*Prompt*
Line count for "legs": tally the lines of the records below that contain it, and give only that number.

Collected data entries
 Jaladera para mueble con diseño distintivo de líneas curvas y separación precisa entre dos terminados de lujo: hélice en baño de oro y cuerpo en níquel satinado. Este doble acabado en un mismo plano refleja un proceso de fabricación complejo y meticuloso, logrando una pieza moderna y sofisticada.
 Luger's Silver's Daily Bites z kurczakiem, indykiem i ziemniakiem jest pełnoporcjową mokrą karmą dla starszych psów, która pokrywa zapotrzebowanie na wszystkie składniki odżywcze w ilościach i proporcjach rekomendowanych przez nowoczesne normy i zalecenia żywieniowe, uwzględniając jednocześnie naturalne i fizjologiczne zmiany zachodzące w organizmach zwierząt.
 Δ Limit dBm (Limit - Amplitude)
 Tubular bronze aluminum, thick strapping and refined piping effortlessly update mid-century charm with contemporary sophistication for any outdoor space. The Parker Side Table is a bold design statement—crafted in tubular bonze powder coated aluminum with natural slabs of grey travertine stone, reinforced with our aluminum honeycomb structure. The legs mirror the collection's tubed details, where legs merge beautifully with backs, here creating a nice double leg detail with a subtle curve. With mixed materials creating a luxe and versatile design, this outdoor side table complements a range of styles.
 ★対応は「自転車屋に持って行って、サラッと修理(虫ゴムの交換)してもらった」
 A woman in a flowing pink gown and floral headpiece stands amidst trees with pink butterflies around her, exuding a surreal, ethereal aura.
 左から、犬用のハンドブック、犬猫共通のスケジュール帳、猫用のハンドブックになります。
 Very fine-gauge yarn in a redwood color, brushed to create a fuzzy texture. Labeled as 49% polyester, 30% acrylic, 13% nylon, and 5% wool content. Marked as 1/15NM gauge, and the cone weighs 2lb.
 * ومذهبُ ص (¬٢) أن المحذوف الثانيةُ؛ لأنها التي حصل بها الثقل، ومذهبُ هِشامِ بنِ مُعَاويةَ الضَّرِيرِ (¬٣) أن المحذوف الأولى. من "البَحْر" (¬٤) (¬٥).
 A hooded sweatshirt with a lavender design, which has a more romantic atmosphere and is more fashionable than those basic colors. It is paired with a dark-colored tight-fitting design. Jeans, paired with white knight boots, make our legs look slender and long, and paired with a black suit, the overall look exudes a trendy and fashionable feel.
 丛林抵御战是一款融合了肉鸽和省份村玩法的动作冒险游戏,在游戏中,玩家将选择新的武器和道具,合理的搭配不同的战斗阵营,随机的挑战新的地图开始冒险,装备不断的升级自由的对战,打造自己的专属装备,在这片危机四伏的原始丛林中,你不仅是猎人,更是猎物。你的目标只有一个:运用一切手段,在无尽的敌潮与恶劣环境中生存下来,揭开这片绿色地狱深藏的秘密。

*Task result*
2